In 1953, he married Joan Jacobson, with whom he would have three children. Elkin’s postgraduate studies were interrupted in 1955 when he was drafted to the U.S. Army. He served at Fort Lee in Virginia until 1957 and then returned to Illinois to resume his education. In 1960, Elkin began teaching in the English department at Washington University in St. Louis, where he would remain for the rest of his career.

Elkin’s novels were universally hailed by critics. His second novel, A Bad Man (1967), established Elkin as “one of the flashiest and most exciting comic talents in view,” according to the New York Times Book Review. Despite his diagnosis with multiple sclerosis in 1972, Elkin continued to write regularly, even incorporating the disease into his novel The Franchiser (1976), which was released to great acclaim. Elkin won his first National Book Critics Circle Award with George Mills (1982), an achievement he repeated with Mrs. Ted Bliss (1995). His string of critical successes continued throughout his career. He was a National Book Award finalist two more times with Searches and Seizures (1974) and The MacGuffin (1991), and a PEN Faulkner finalist with Van Gogh’s Room at Arles (1994). Elkin was also the recipient of the Longview Foundation Award, the Paris Review Humor Prize, Guggenheim and Rockefeller fellowships, a grant from the National Endowment for the Arts and Humanities, and the Rosenthal Family Foundation Award, as well as a member of the American Academy of Arts and Letters.

Even though he was confined to a wheelchair toward the end of his life, Elkin continued teaching classes at Washington University until his passing in 1995 from congestive heart failure.

A one-year-old Elkin in 1931. His father was born in Russia and his mother was a native New Yorker, though the couple raised Stanley largely in Chicago.

Elkin in Oakland, New Jersey, around 1940. His parents, Philip and Zelda, originally met in this camp in Oakland, which lies at the foot of the Catskills.

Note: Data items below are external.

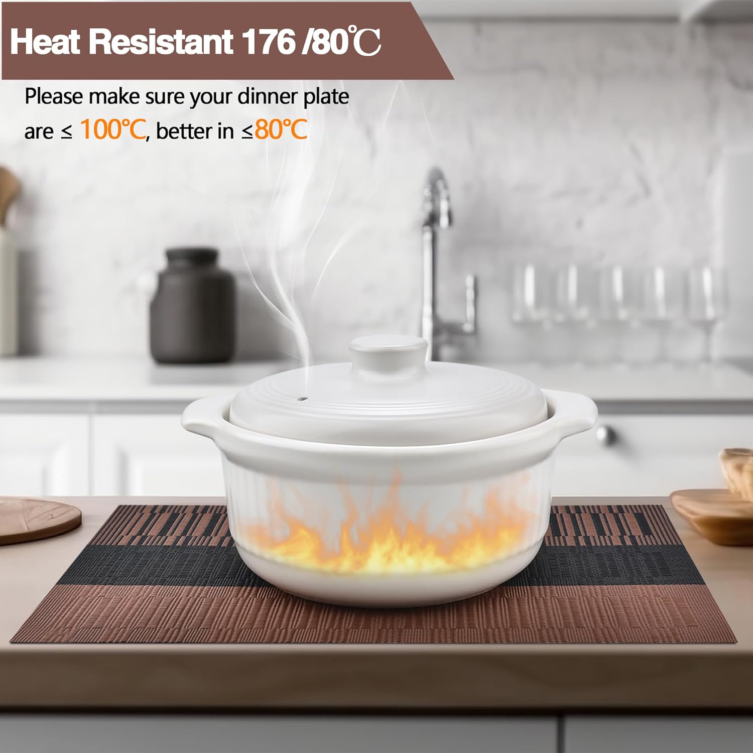 - Heat Resistant: Please make sure your dinner plate are β€ 100β, better in β€80β. It can prevent the table from slipping and scalding the countertop. These beautiful stylish vinyl place mats to add more fun to your dining table
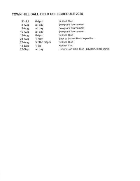The attached schedule shows dates and times that the ballfield and/or pavillion will be in use.
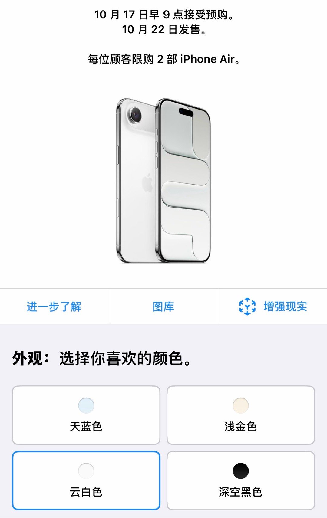 iPhoneAir本周预购苹果官网也更新了,打算入手Air的朋友多吗,还是已经买了港版了[笑cry]我们这边有个同事打算搞一台做主力机,到时候公司应该也要买一台来做配件
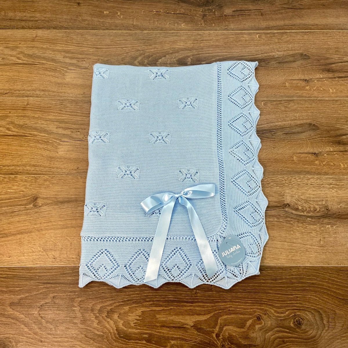 Copertina con bordatura traforata e fiocco.
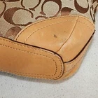 Up for sale One Handbag iNTERNATIONAL SHIPPING AVAILABLE Please scroll down and read the ENTIRE listing. Please CHECK THE SIZE, MAKE SURE IT'S JUST YOUR RIGHT "size. "This bag is in Great Condition. There is no leather or jacquard loss. Exterior has a couple dots and little darker patina in a couple places/interior little darker patina on the bottom inside (see ALL Photos.) All zippers glide nice and smooth. Bottom has no loss of leather, does have little darker patina and dots (REVIEW ALL PHOTOS!) Strap has no loss and looks great (see ALL Photos.) This is not a Brand Spanking New bag; it has been used and does reflect this fact. There are no smells of smoke or any other odor I can detect. There is a plastic comcast tag attached, if removed will voids return. Snips off with common scissors. Authentic 2008 Coach Handbag/Purse/Tote Signature C Slim Duffle 2-Way strap Elevate your accessory collection with the Coach Slim Duffle in a chic Khaki Tan hue, accented with the signature C pattern. This versatile medium-sized bag offers a sophisticated blend of jacquard and leather, with a natural vachetta leather strap that complements its timeless design. The slim duffle crossbody style is perfect for those who value elegance and practicality, seamlessly transitioning from daytime essentials to evening necessities. The bag features a secure zip closure, an adjustable strap for customized comfort, and a range of features including an audio pocket and inner pockets to keep your items organized. Brushed nickel hardware adds a touch of class, while the brown cotton and fabric lining ensures your belongings are cradled in luxury. Whether heading to the office, attending a wedding, or enjoying a casual day out, this Coach Slim Duffle is a stylish companion for any occasion. Size - 10.5 x 10.5 x 2" - Strap Drop 22" Adj. Trending style Classy Style!! Please, remember this is not a "Brand Spanking" New Bag. It has been used and usually reflects that fact. Note from the Seller 1st off , I am sorry to have to put a security tag on my bags, it became a necessity, as some of my bags were being kept and used for just under 30 days and returned for, too small, large or just didn't like. I just think you should know if you like something without using, carrying, kinda like borrowing without paying... This tag can be snip off with common scissors, but only, if you want to keep. If you want to return, it must remain on the bag to receive a refund. NOTE: If the bag comes back smelling of smoke, your refund will note this fact, as I can't resell, folks just don't want that smell. My customers can be assured of my commitment to give you an honest and easy pleasant shopping experience. Your satisfaction is very important, and I wish to hear any comments you might have in regard to your transaction. Thank you in advance for taking the time to consider this item All my items arrive from a Smoke and Pet Free Home!

Elkin as a teenager in Oakland, New Jersey. Throughout his childhood, Elkin and his family retreated to Oakland for the hot summer months, spending July and August with a group of family friends. His time there would later inform much of his writing, including the novella “The Condominium” from Searches & Seizures.

Elkin at a typewriter during college. Throughout his time as an undergraduate, Elkin was routinely praised by his English professors for the intelligence and wit of his work.

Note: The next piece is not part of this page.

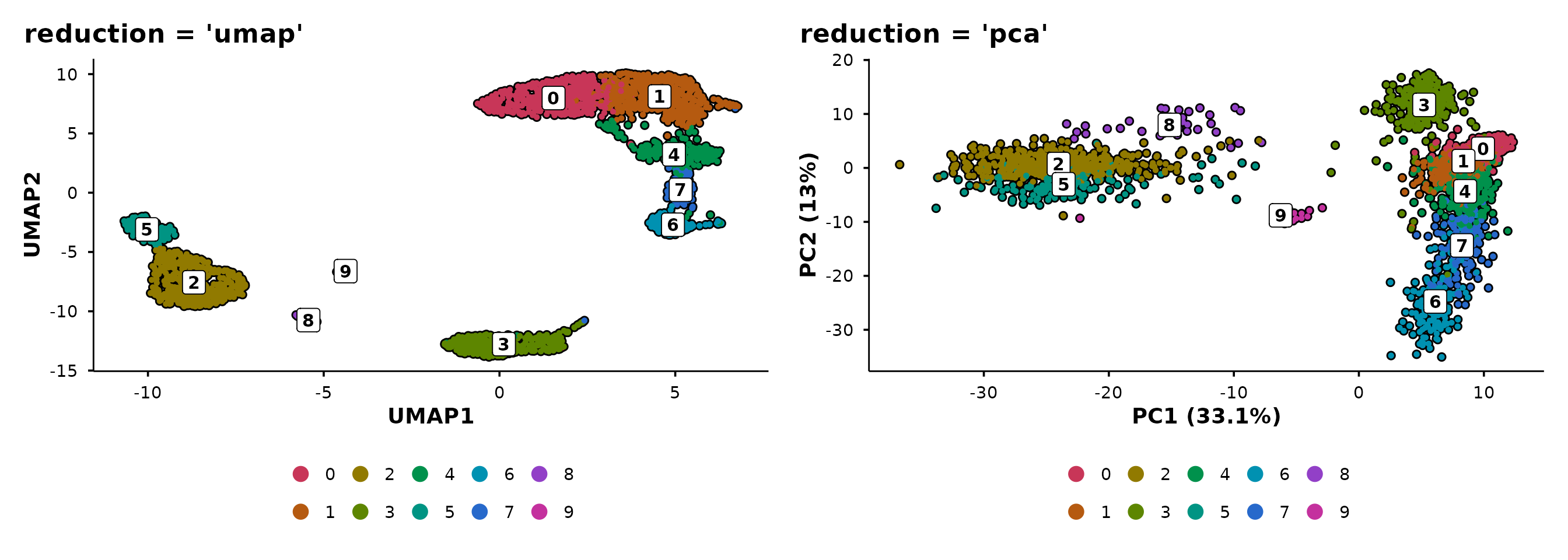 p2 <- do_DimPlot(pbmc3k, reduction = "pca") + ggtitle("reduction = 'pca'")
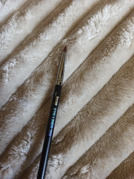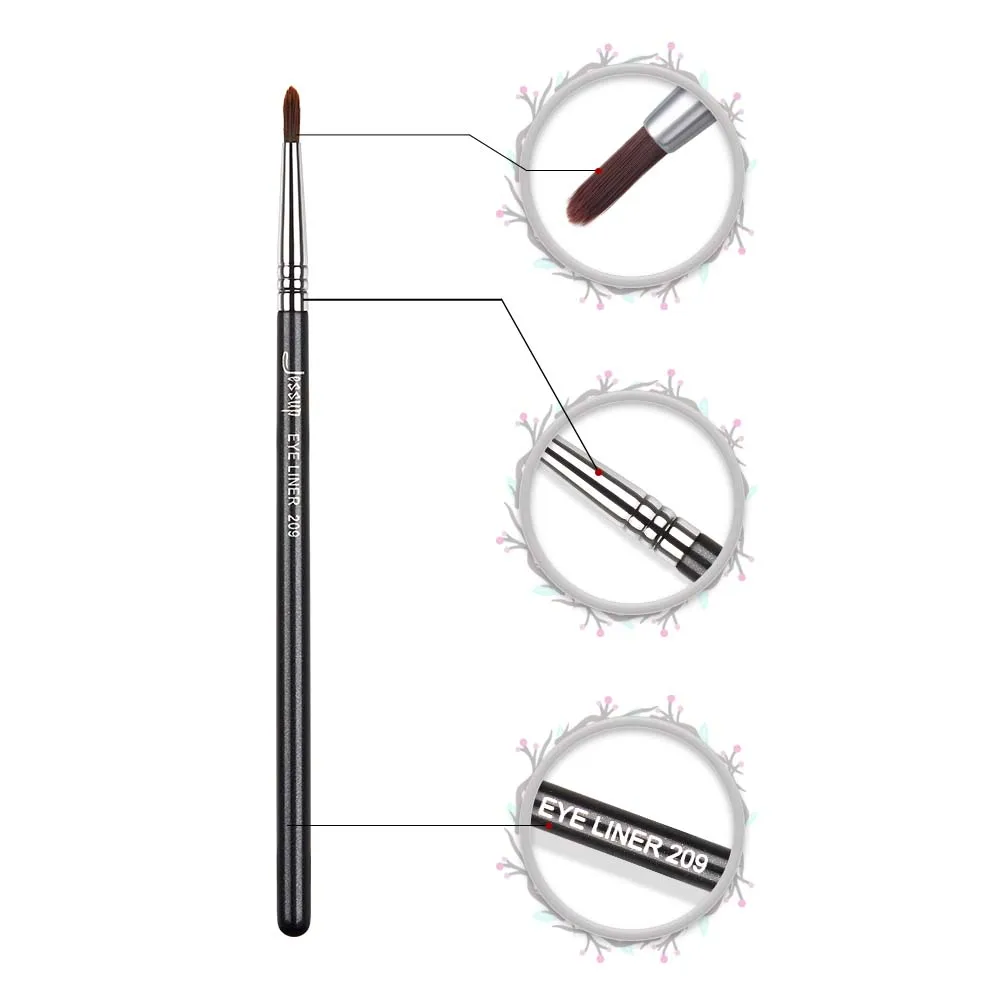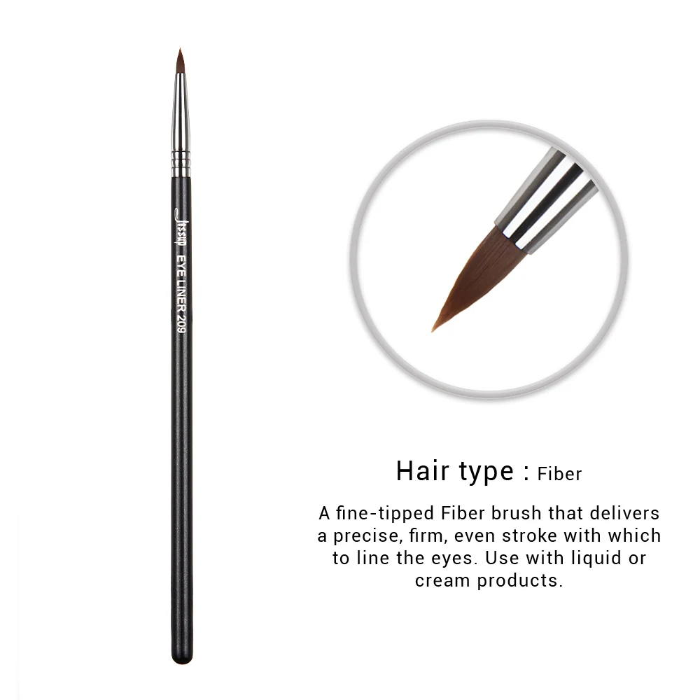 Подводка для глаз-209: Длина кисти: около 15,5 см длина кончика: около 1,0 см ширина кончика: около 0,2 смТип рукоятки: деревотип волоса: волокноКисть из синтетического волокна с тонким кончиком обеспечивает точное, твердое и гладкое нанесение штрихов на глаза. Используется с жидкими или кремовыми косметическими средствами.

Stanley and Joan on their wedding day in 1953. The county clerk who signed their marriage license was Richard J. Daley, who would go on to become the mayor of Chicago as well as one of the most notorious figures in American politics during the 1960s.

Elkin with his son Philip in Urbana, Illinois, in August of 1959. Philip, who was named after Elkin’s father, was adopted in 1958.

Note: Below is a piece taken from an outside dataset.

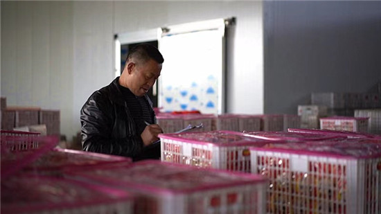 郭池祥是甘家沟村衡鑫果品农场的业主,负责甘家沟村椪柑的生产、供应和销售已有12个年头。一大早,他就与村民们忙着给椪柑包装套袋,他说到,当天有4万斤椪柑将从这里发送出去。
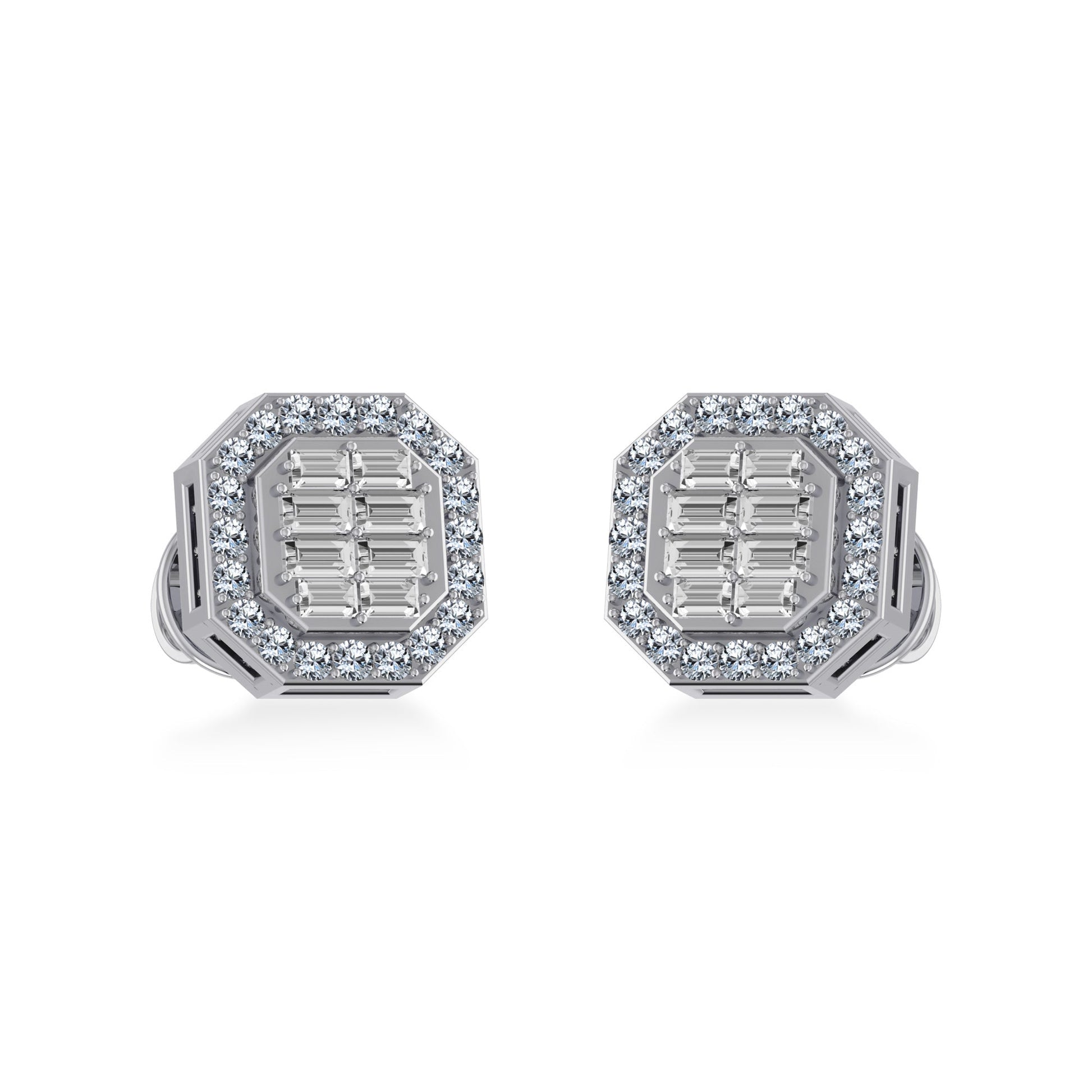 JewelryByBryce Presents: 14K White Gold Round & Baguette Diamond Stud Earrings – 1/4 Ctw

The first page of Elkin’s debut novel, Boswell, marked with editorial notes. The book was published in 1964 while Elkin was an English professor at Washington University in St. Louis, Missouri.

Elkin in 1964, the year he published his first novel, Boswell. He went on to write nine more novels, as well as two novella collections and two short-story collections, during his tenure at Washington University.

Stanley and Joan Elkin pose with their children in front of an oil painting of Elkin at the Olin Library at Washington University in 1992. The painting was completed and installed in 1991.